TASK: Please reproduce the records exactly, leaving out any pictures.

DATA SUPPLIED:

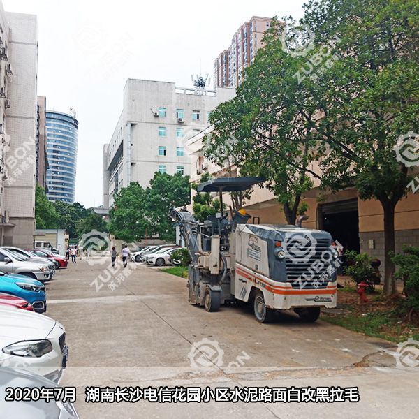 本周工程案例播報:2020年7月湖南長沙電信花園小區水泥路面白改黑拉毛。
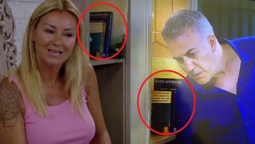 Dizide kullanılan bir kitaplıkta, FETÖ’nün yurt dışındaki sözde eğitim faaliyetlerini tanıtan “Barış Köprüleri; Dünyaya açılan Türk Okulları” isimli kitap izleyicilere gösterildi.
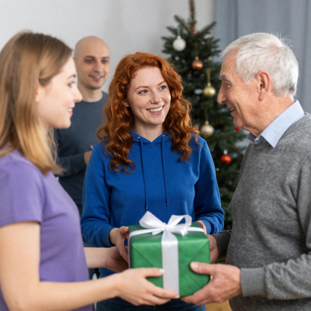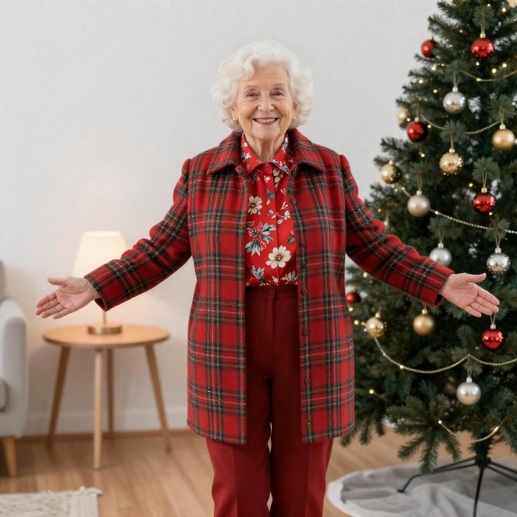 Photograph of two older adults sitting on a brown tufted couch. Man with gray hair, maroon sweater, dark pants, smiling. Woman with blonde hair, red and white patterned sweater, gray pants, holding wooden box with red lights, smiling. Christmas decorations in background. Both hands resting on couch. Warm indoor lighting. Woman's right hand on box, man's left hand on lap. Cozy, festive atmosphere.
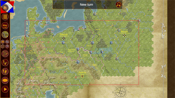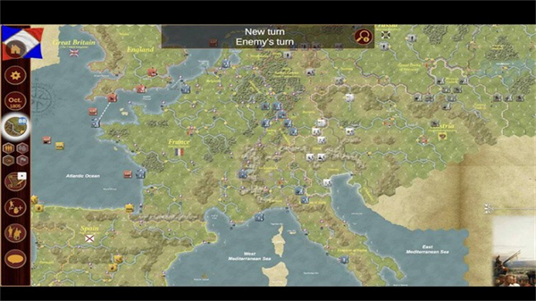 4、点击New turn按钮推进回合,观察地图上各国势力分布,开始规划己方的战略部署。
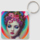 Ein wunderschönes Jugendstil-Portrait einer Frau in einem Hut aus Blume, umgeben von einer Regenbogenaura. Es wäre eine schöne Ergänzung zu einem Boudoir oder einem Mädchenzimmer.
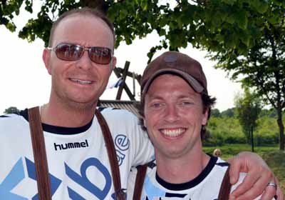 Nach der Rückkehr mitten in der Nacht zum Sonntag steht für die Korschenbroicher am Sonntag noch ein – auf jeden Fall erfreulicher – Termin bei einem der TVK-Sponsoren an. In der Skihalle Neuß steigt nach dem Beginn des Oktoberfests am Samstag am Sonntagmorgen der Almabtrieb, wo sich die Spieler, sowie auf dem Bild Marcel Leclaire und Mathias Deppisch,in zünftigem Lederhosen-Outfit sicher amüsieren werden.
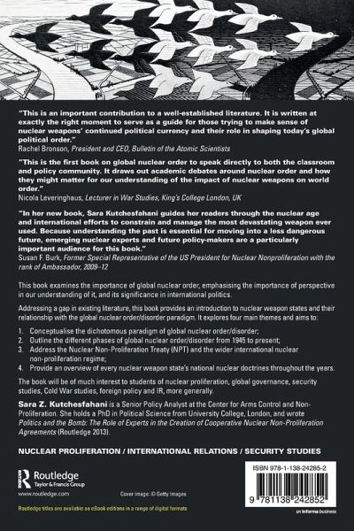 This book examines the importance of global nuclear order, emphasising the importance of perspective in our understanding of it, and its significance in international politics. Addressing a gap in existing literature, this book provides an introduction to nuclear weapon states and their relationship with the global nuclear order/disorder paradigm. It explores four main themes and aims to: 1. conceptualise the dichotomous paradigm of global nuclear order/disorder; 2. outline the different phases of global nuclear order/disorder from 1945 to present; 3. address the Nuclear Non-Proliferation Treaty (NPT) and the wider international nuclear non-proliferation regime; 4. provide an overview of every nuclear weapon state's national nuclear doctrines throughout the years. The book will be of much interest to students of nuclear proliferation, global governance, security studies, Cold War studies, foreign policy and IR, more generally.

SOLUTION FOR THIS PROBLEM:
 本周工程案例播報:2020年7月湖南長沙電信花園小區水泥路面白改黑拉毛。
 Dizide kullanılan bir kitaplıkta, FETÖ’nün yurt dışındaki sözde eğitim faaliyetlerini tanıtan “Barış Köprüleri; Dünyaya açılan Türk Okulları” isimli kitap izleyicilere gösterildi.
 Photograph of two older adults sitting on a brown tufted couch. Man with gray hair, maroon sweater, dark pants, smiling. Woman with blonde hair, red and white patterned sweater, gray pants, holding wooden box with red lights, smiling. Christmas decorations in background. Both hands resting on couch. Warm indoor lighting. Woman's right hand on box, man's left hand on lap. Cozy, festive atmosphere.
 4、点击New turn按钮推进回合,观察地图上各国势力分布,开始规划己方的战略部署。
 Ein wunderschönes Jugendstil-Portrait einer Frau in einem Hut aus Blume, umgeben von einer Regenbogenaura. Es wäre eine schöne Ergänzung zu einem Boudoir oder einem Mädchenzimmer.
 Nach der Rückkehr mitten in der Nacht zum Sonntag steht für die Korschenbroicher am Sonntag noch ein – auf jeden Fall erfreulicher – Termin bei einem der TVK-Sponsoren an. In der Skihalle Neuß steigt nach dem Beginn des Oktoberfests am Samstag am Sonntagmorgen der Almabtrieb, wo sich die Spieler, sowie auf dem Bild Marcel Leclaire und Mathias Deppisch,in zünftigem Lederhosen-Outfit sicher amüsieren werden.
 This book examines the importance of global nuclear order, emphasising the importance of perspective in our understanding of it, and its significance in international politics. Addressing a gap in existing literature, this book provides an introduction to nuclear weapon states and their relationship with the global nuclear order/disorder paradigm. It explores four main themes and aims to: 1. conceptualise the dichotomous paradigm of global nuclear order/disorder; 2. outline the different phases of global nuclear order/disorder from 1945 to present; 3. address the Nuclear Non-Proliferation Treaty (NPT) and the wider international nuclear non-proliferation regime; 4. provide an overview of every nuclear weapon state's national nuclear doctrines throughout the years. The book will be of much interest to students of nuclear proliferation, global governance, security studies, Cold War studies, foreign policy and IR, more generally.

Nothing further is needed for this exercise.